The following are also included

- Expected network replicability (Williams 2020)
- Compare Gaussian graphical models
- Measure of parameter uncertainty (Donald R. Williams et al. 2019)
- Edge inclusion “probabilities”
- Network visualization
- Constrained precision matrix (the network, given an assumed graph)
- Predictability (variance explained)

You can install the development version from GitHub with:

An Ising model is fitted with the following

```
library(GGMnonreg)
# make binary
Y <- ifelse(ptsd[,1:5] == 0, 0, 1)
# fit model
fit <- ising_search(Y, IC = "BIC",
progress = FALSE)
fit
#> 1 2 3 4 5
#> 1 0.000000 1.439583 0.000000 1.273379 0.000000
#> 2 1.439583 0.000000 1.616511 0.000000 1.182281
#> 3 0.000000 1.616511 0.000000 1.716747 1.077322
#> 4 1.273379 0.000000 1.716747 0.000000 1.662550
#> 5 0.000000 1.182281 1.077322 1.662550 0.000000
```

Note the same code, more or less, is also used for GGMs and mixed graphical models.

It is common to compute predictability, or variance explained, for each node in the network. An advantage of **GGMnonreg** is that a measure of uncertainty is also provided.

```
# data
Y <- na.omit(bfi[,1:5])
# fit model
fit <- ggm_inference(Y, boot = FALSE)
# predictability
predictability(fit)
#> Estimate Est.Error Ci.lb Ci.ub
#> 1 0.13 0.01 0.11 0.15
#> 2 0.33 0.01 0.30 0.36
#> 3 0.38 0.01 0.35 0.41
#> 4 0.18 0.01 0.15 0.20
#> 5 0.29 0.01 0.26 0.32
```

Confidence intervals for each relation are obtained with

```
# data
Y <- na.omit(bfi[,1:5])
# fit model
fit <- ggm_inference(Y, boot = TRUE,
method = "spearman",
B = 100, progress = FALSE)
confint(fit)
#> 2.5% 97.5%
#> [1,] -0.28754928 -0.22133409
#> [2,] -0.14814197 -0.07708535
#> [3,] 0.25745801 0.32050965
#> [4,] -0.04829816 0.02726491
#> [5,] 0.12384106 0.19379349
#> [6,] 0.13688030 0.20747812
#> [7,] -0.06140196 0.01178691
#> [8,] 0.11399009 0.19706111
#> [9,] 0.33858068 0.41127422
#> [10,] 0.08526116 0.15219698
```

These can then be plotted with, say, **ggplot2** (left to the user).

When mining data, or performing an automatic search, it is difficult to make inference on the network parameters (e.g., confidence are not easily computed).

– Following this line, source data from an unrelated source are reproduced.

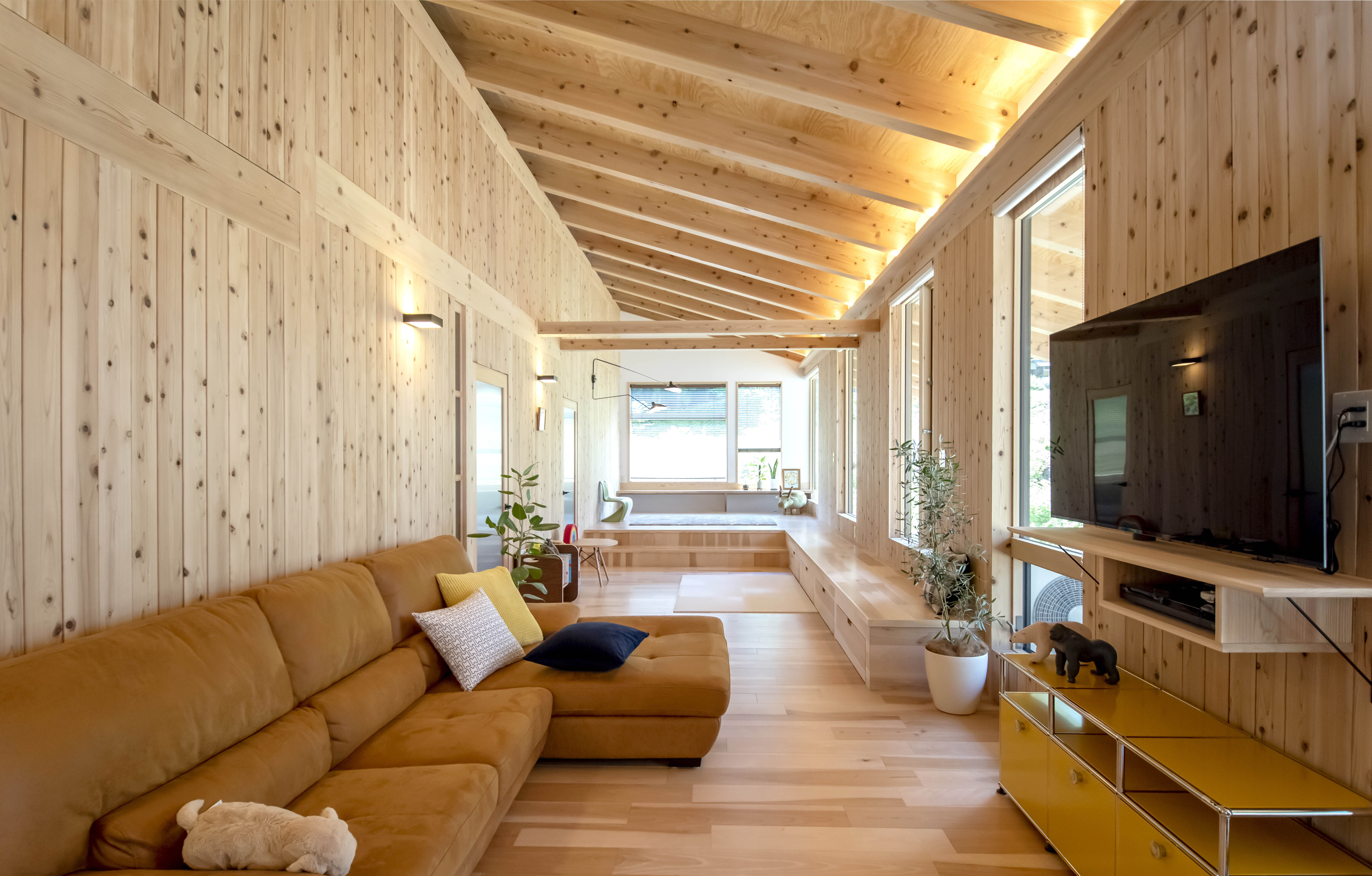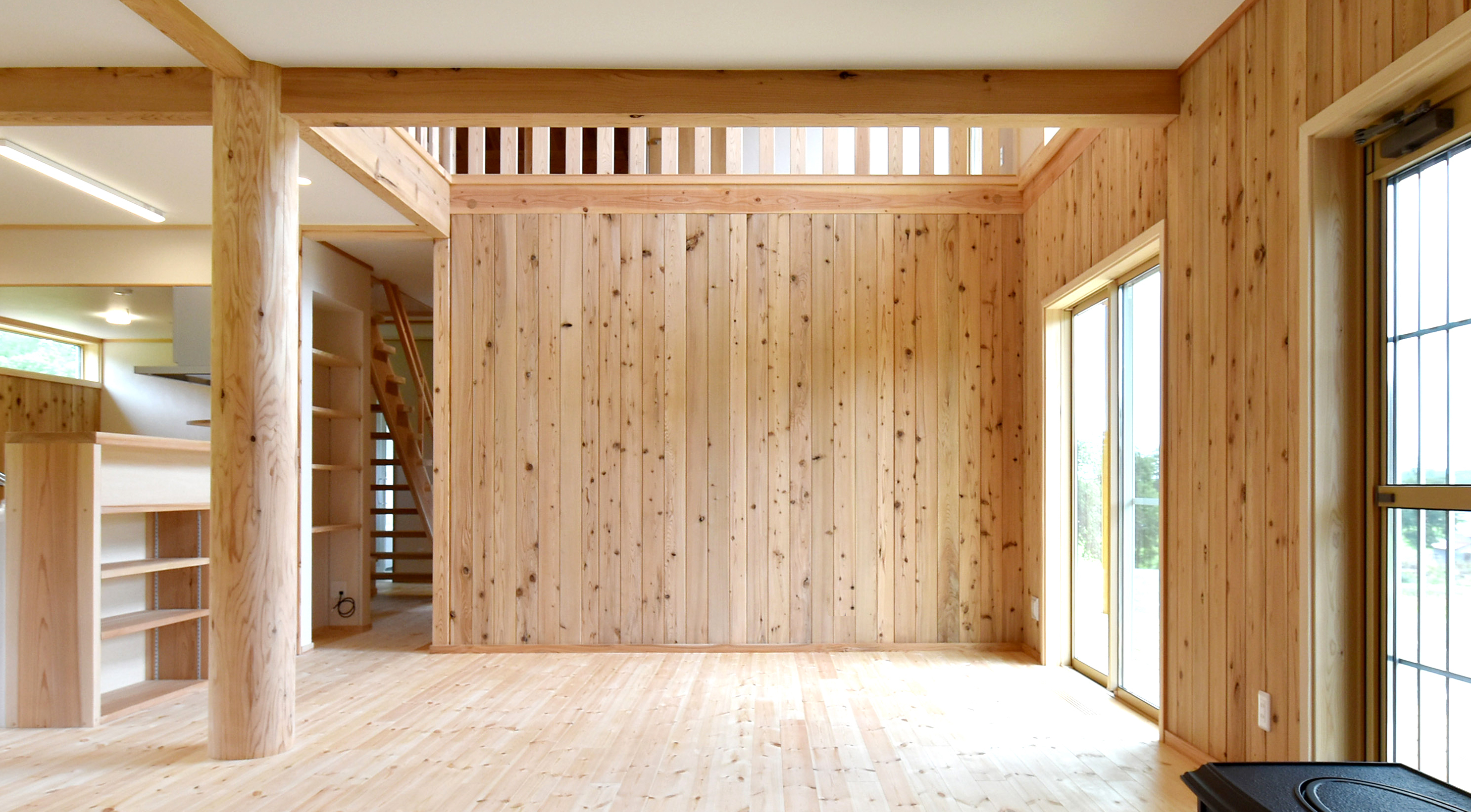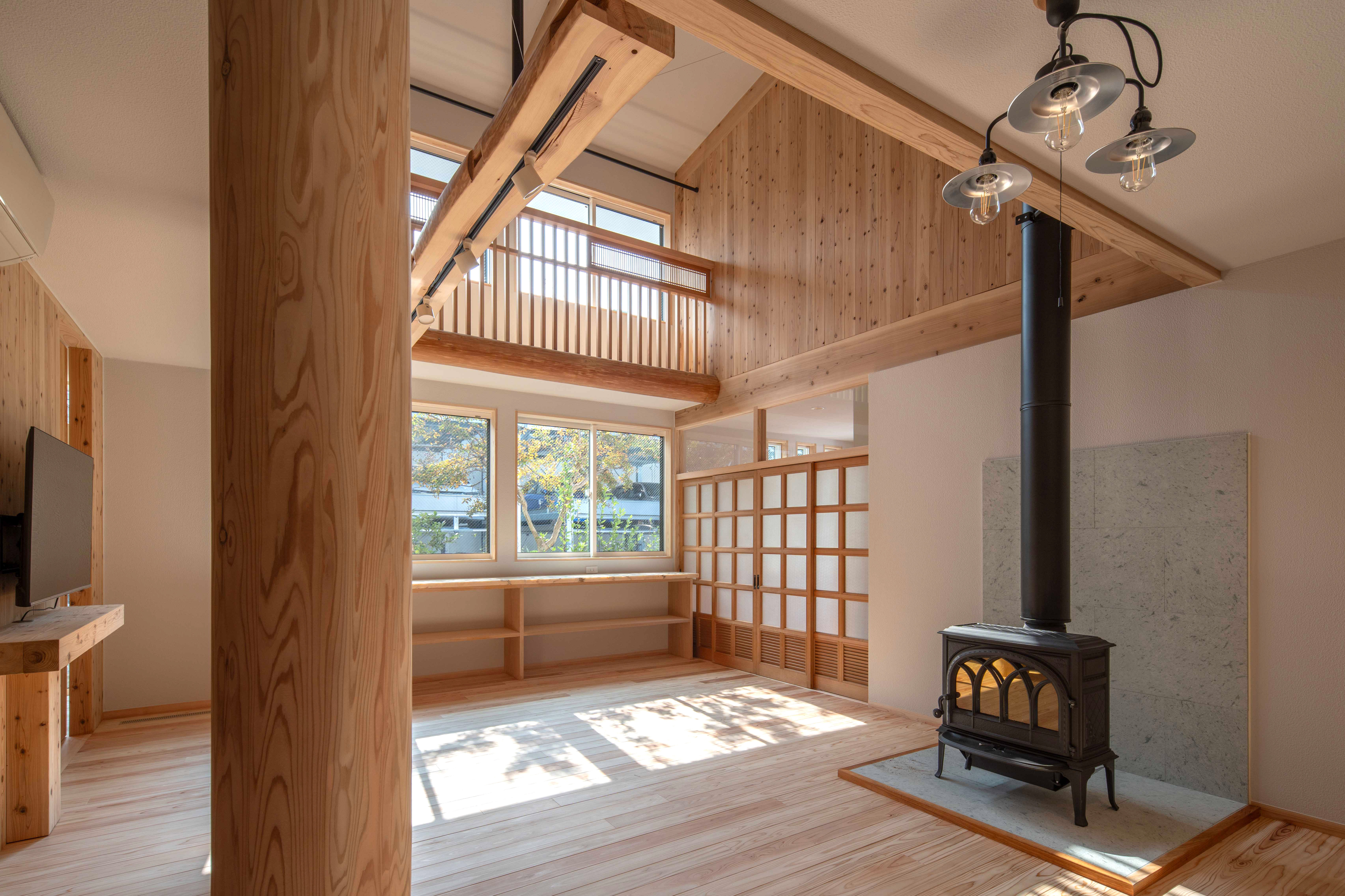 ログハウスのような木のぬくもりと上質な住環境性能、現代の暮らしに寄り添う高い断熱性・耐震性能・耐火性能を有する木の建物です。在来軸組工法をベースとし、ログハウス特有の設計の制限を解消しました。
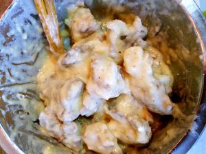 排骨焯水后,分别加料酒、少许盐、面粉、鸡蛋拌匀
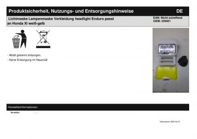 Titel: | Lichtmaske Lampenmaske Verkleidung headlight Enduro passt an Honda Xl weiß-gelb |

To summarize data mining, **GGMnonreg** provides edge inclusion “probabilities” (proportion bootstrap samples for which each relation was detected).

```
# data
Y <- na.omit(bfi[,1:5])
# fit model
fit <- eip(Y, method = "spearman",
B = 100, progress = FALSE)
fit
#> eip
#> 1 1.00
#> 2 1.00
#> 3 1.00
#> 4 0.03
#> 5 1.00
#> 6 1.00
#> 7 0.35
#> 8 1.00
#> 9 1.00
#> 10 1.00
```

Note in all cases, the provided estimates correspond to the upper-triangular elements of the network.

**GGMnonreg** allows for computing expected network replicability (ENR), i.e., the number of effects that will be detected in any number of replications. This is an analytic solution.

The first step is defining a true network

```
# first make the true network
cors <- cor(GGMnonreg::ptsd)
# inverse
inv <- solve(cors)
# partials
pcors <- -cov2cor(inv)
# set values to zero
pcors <- ifelse(abs(pcors) < 0.05, 0, pcors)
```

Then obtain ENR

```
fit_enr <- enr(net = pcors, n = 500, replications = 2)
fit_enr
#> Average Replicability: 0.45
#> Average Number of Edges: 53 (SD = 3.7)
#>
#> ----
#>
#> Cumulative Probability:
#>
#> prop.edges edges Pr(R > prop.edges)
#> 0.0 0 1.00
#> 0.1 12 1.00
#> 0.2 23 1.00
#> 0.3 35 1.00
#> 0.4 47 0.91
#> 0.5 58 0.05
#> 0.6 70 0.00
#> 0.7 82 0.00
#> 0.8 94 0.00
#> 0.9 105 0.00
#> ----
#> Pr(R > prop.edges):
#> probability of replicating more than the
#> correpsonding proportion (and number) of edges
```

Note this is inherently frequentist. As such, over the long run, 45 % of the edges will be replicated on average. Then we can further infer that, in hypothetical replication attempts, more than half of the edges will be replicated only 5 % of the time.

ENR can also be plotted

Here is the basic idea of ENR

```
# location of edges
index <- which(pcors[upper.tri(diag(20))] != 0)
# convert network into correlation matrix
diag(pcors) <- 1
cors_new <- corpcor::pcor2cor(pcors)
# replicated edges
R <- NA
# increase 1000 to, say, 5,000
for(i in 1:1000){
# two replications
Y1 <- MASS::mvrnorm(500, rep(0, 20), cors_new)
Y2 <- MASS::mvrnorm(500, rep(0, 20), cors_new)
# estimate network 1
fit1 <- ggm_inference(Y1, boot = FALSE)
# estimate network 2
fit2 <- ggm_inference(Y2, boot = FALSE)
# number of replicated edges (detected in both networks)
R[i] <- sum(
rowSums(
cbind(fit1$adj[upper.tri(diag(20))][index],
fit2$adj[upper.tri(diag(20))][index])
) == 2)
}
```

Notice that replication of two networks is being assessed over the long run. In other words, if we draw two random samples, what is the expected replicability.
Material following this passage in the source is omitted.